Since RCI started renting inventory to the general public, what maximizes their profits is not always running a fair and honest exchange system.  That is a huge conflict of interest that skews everything they do.

Also one of the RCI surrogates who was on here during the rollout period of Points Lite made the very point I have often made.  He acknowledged that RCI did deals with developers for extra value, arguing that RCI came out ahead by getting new members from these developers and that justified their skewing the numbers.

When you see resorts that regularly cost less to trade into, in points lite, than the points lite RCI gives for a deposit, you know you have found a developer with an inside deal.  The Tugger that found the 1BR at Vacation VIllage at Parkway over New Years next year where they were giving 58 points lite for a deposit but at the very same time you could trade in to the very same week for 10 hit the bullseye on one such resort.  This is proof positive that RCI is playing fast and loose with its numbers.





timeos2 said:


> Of course RCI bases the TPU on the actual demand they have seen. To do anything else is insanity.  We may or may not agree with the numbers they arrive at but you can be sure they are using them because it represents the best chance to maximize utilization - thus income - which is why they are in business.
> 
> Playing games beyond an extra credit or two makes no sense at all - they wold get killed with too many or total lack of requests if they stray very far from the known values within their rating system. Like it or not the TPU is their best guess of value - if it's wrong it will be adjusted. Thats the way it works. They aren't picking on any area(s) for preference or penalizing them - they are giving the value istory of use/requests support. If you don't like it don't use it. Very simple and now very open to all to see. MUCH better than the old backroom, unknown system of the past.


----------



## timeos2 (Mar 5, 2011)

Carolinian said:


> Since RCI started renting inventory to the general public, what maximizes their profits is not always running a fair and honest exchange system.  That is a huge conflict of interest that skews everything they do.

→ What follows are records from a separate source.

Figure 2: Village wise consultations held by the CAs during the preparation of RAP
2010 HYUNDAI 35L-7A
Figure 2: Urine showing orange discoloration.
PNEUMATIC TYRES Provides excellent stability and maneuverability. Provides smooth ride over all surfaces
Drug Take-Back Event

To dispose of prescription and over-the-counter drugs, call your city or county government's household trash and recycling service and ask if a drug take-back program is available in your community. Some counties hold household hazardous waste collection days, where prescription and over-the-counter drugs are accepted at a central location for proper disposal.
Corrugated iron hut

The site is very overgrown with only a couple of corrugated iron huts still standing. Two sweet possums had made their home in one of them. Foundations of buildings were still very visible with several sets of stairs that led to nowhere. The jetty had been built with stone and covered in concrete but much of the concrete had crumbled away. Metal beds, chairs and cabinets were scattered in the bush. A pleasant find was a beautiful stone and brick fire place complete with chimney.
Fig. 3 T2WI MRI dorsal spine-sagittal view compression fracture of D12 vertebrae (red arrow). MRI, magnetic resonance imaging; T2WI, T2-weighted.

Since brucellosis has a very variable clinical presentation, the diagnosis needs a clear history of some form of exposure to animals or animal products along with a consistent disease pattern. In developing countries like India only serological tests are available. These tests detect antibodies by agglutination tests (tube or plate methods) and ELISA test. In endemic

Just to be clear I am 100% in agreement that the unfettered transfer of deposits MEANT BY OWNERS FOR EXCHANGE is unconscionable and should have been banned by the fantastically flawed class action lawsuit rather than blessed by it.  For that reason it is unlikely I will ever again deposit a week with RCI - I do take advantage of the often incredible deals (why shouldn't they be - they got them for virtually nothing!)  RCI offers in rentals while they exist.  Like RCI I have to do what is best for my bottom line. But there is a basic conflict in a system that purports to be an exchange venue but in reality feeds a money making activity that has negative value to the very membership they are supposed to serve.  Until that changes I can't recommend any deposits to RCI unless you are aware going in that you may be getting a raw deal and still feel you can obtain at least equal or better value out. 

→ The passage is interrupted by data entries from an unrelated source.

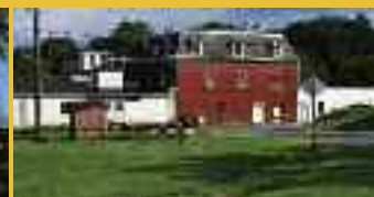
Cooch-Dayett Mills 904 Old Baltimore Pike, Newark, 302-239-2334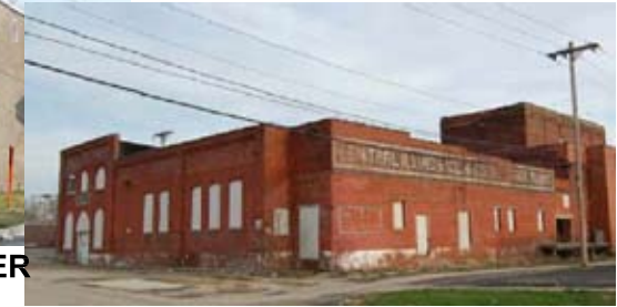
CENTRAL ILLINOIS ICE AND COAL PLANT 10TH AND JACKSON STREETS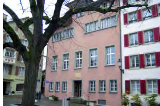
Lavatersaal at St. Peter's Church St. Peter-Hofstatt 6 Zurich

Friday, October 3 , 6:00 pm: Reception; 6:30pm: Lecture; 7:30-9:00pm: Three-Course Dinner. Location: the historic Zunfthaus zur Saffran, Limmatquai 54, Zürich.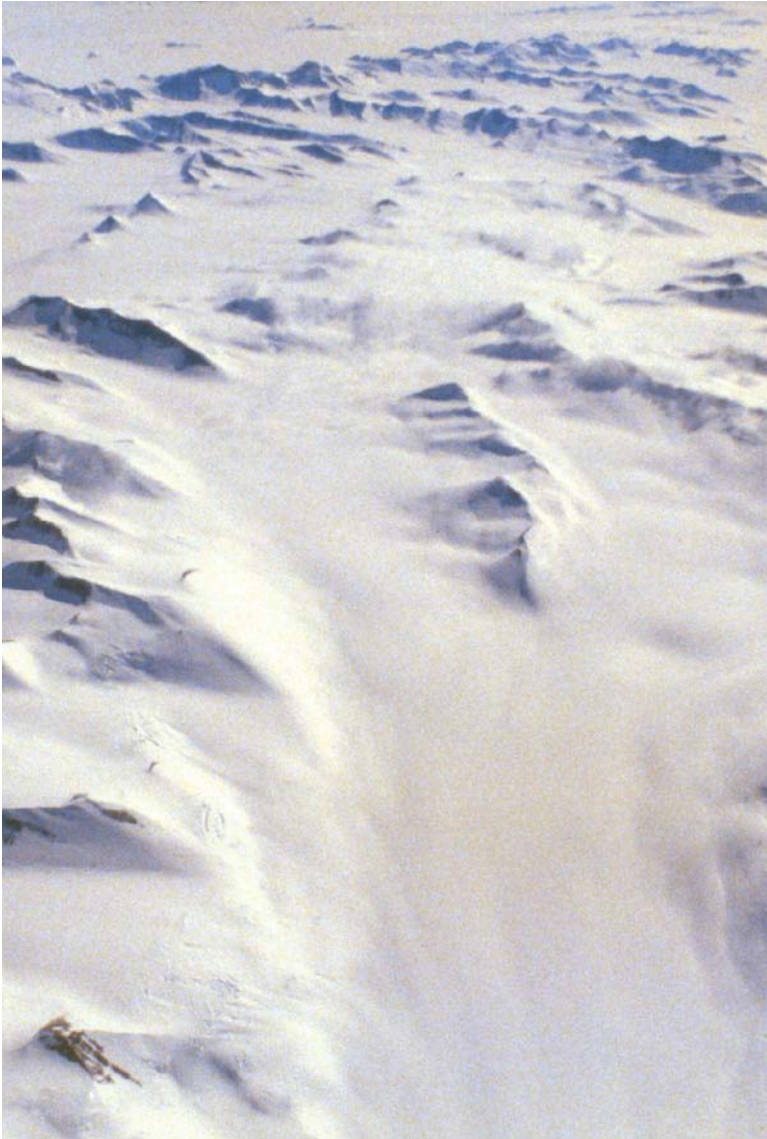
Sheets of ice cover Earth's South Pole.

Much of Earth's frozen water is at the North and South Poles.

But that does not change the TPU value (except that an easy to rent week may be even more valuable to RCI thus they raise the TPU given for those weeks in anticipation of a good rental fee on the other end).  As it is now out in the open rather than hidden as before at least the member has the ability to ascertain the value they will get and ecide for themselves if that makes it a good deal or not for them.  THAT is an improvement over the old way and gives members a fighting chance.  Again use it only if it benefits you at least as much as it does RCI.


----------



## Carolinian (Mar 6, 2011)

What is not out in the open is how RCI sets their numbers.  From many of the numbers we have seen, that system is clearly bent.  The half-way transparency they have now only creates more incentives for hanky panky in setting numbers.  If we are going to have transparency, we need FULL transparency, something Points Lite does not offer.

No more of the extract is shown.